A Report from the Keystone Symposia: Organ Crosstalk in Obesity
January 21 – 25, 2018, Keystone, Colorado USA
It’s an exciting time for non-surgical fat reduction in dermatology. Treatments range from devices using lasers (e.g., SculpSureTM), injections (e.g., KybellaTM), radiofrequency (e.g., VanquishTM), and controlled cooling (e.g., CoolSculptingTM). Gaining popularity and increasing patient numbers worldwide show the high demand for effective procedures with quicker recovery, fewer side effects, and less discomfort than traditional surgical fat removal treatments. Therefore, new minimally- and non-invasive treatment modalities, techniques and applications are introduced at a fast pace.
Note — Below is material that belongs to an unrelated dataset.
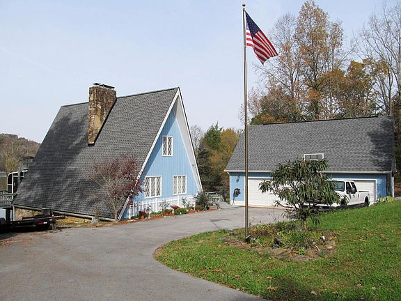 Residential, A-Frame - Harriman, TN Watts Bar Lakefront Alpine ''A Frame''with 410 ft. of shoreline & dock,4 lots totaling 1.6 acres, detached 3 car gar w/ drive thru for boat,400 am service for workshop - bonus room over garage-built 2010-new carpet Sunroom -exterior painted 2014-extensive decking-patio-hot tub--3 FP's-2 heat pumps-lower level w/wet-bar with refrigerator & Florida Rm. & bonus space for exercise rm., new Kitchen counters,new doors to heated Sunroom & front door- central to Oak Ridge & Harriman-come enjoy the lake! Video in photo section or copy and paste https://www.youtube.com/watch?v=r4gbeUen6Ak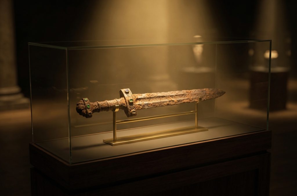 The hilt was wrapped in gold wire and embedded with large uncut gems, while the blade, unlike any traditional metal, was forged from meteoric iron—an ancient metal prized for its celestial origins. The sword was not just any weapon; it was a symbol of the immense knowledge and power possessed by the ancient civilizations that may have hidden it there.

However, some applications are scientifically questionable and biological mechanisms are not well understood. The goal of understanding the underlaying processes is displayed in our work at the Cutaneous Biology Research Center at the Massachusetts General Hospital, where a team of interdisciplinary researchers work on future treatments and the biological understanding of noninvasive fat removal led by Professor Dieter Manstein MD, PhD.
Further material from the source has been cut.